數據保存到ES後，編寫Spring boot程序，將es中數據讀取，並按照一定的業務邏輯進行處理，將需求數據以json格式返回。在本次實驗中，編寫的改spring boot程序主要用於發佈接口，由另外一個前端程序請求該接口，返回相應數據，當然也可以寫到一個web工程中，本次例程中主要是偏向於基礎。
另外一個web工程訪問具體業務接口，返回json數據，解析響應數據，利用echart.js繪製相應圖表，並設置時間間隔進行請求，實時更新圖表內容。

注：另外，還可以通過canal監控對應的業務數據，對更改的業務數據進行抓取，發送給kafka。主要利用的是mysql的主從備份的原理，將canal僞裝成一臺mysql slave服務器，從主節點請求數據。

一、環境搭建

集羣搭建可以參考

三臺虛擬機，分別爲hadoop1、hadoop2、hadoop3，本次例程中使用的是centos 6.8。

分配的內存爲：(當然內存足夠可以多分配)

主機	內存	處理器
hadoop1	4G	2
hadoop2	2G	1
hadoop3	2G	1

hadoop集羣，（可選，方便查看具體job 日誌）hadoop版本 hadoop-2.7.2
zookeeper集羣，版本：zookeeper-3.4.10
kafka集羣，版本 kafka_2.11-0.11.0.2
spark集羣（可選），版本spark-2.1.1-bin-hadoop2.7 將項目部署到集羣上可以考慮搭建spark集羣，測試則不需要，在idea測試即可。
elasticsearch集羣，版本 elasticsearch-6.6.0 ，可以再安裝一個es的可視化平臺，kibana 版本kibana-6.6.0-linux-x86_64
redis 可單機可集羣，版本redis-5.0.6
nginx

二、項目搭建

如下圖所示，爲本項目的功能文件目錄結構。

canal模塊爲利用canal API將mysql數據庫修改的數據發送到kafka集羣。
common模塊是公用的依賴和工具類。
dw-chart模塊是web項目，負責向對應接口請求數據，並繪製圖表，前端展示。
export2ES模塊（可忽略），將hive數據導入到es。
logger模塊，是用戶請求的對應服務的spring boot工程，負責將用戶操作日誌發送給kafka。
mock模塊，是模擬用戶操作日誌，負責向logger模塊發起請求。
publisher模塊，spring boot功能，負責發佈訪問接口，由dw-chart請求相應數據。
realtime模塊，spark streaming計算，負責消費kafka數據，並保存到es中。
sql文件夾中是對應的order_info 模擬生成數據的存儲過程和部分模擬數據，用於cannal監控，和統計銷售額。

三、分析過程

kafka集羣中topic有以下三個，GMALL_STARTUP（用於統計每日活躍度）、GMALL_EVENT（暫時未使用）、GMALL_ORDER（用於統計銷售額）。
es集羣中index有以下三個，gmall_dau（保存計算每日活躍度的結果數據）、gmall_order（保存計算後的銷售額數據）、gmall_sale_detail（保存從hive中導入到es的數據）。
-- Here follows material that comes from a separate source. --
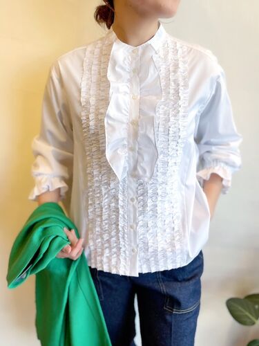 毎シーズン人気のちびフリルブラウスに新作が登場です。大きなフリルを前立て横に重ねた今シーズンは、春らしく、より華やかに仕上げました。 ボトムを選ばない丈感も嬉しいポイントです。ご自宅でお洗濯できる、嬉しいハンドウォッシャブル対応です。Brand …

日誌數據格式如下，一條json數據表示用戶做的一次操作，當type爲startup爲登錄，可以記錄當前app的每日活躍度。

{
    "area": "guangdong",   //地址
    "uid": "186",          
    "itemid": 17,          //主題id
    "npgid": 14,
    "evid": "addCart",     //時間id
    "os": "andriod",       //用戶操作系統
    "pgid": 43,
    "appid": "gmall_hcx",    //appid
    "mid": "mid_74",         //用戶唯一id
    "type": "event",         //用戶操作類型
    "ts": 1574325528404      //時間戳
}

mysql中的order_info表中數據如下，記錄着用戶下單產生的業務數據，由canal監控mysql數據庫的這個表的變化，並將數據寫入kafka集羣中，便於之後統計銷售額。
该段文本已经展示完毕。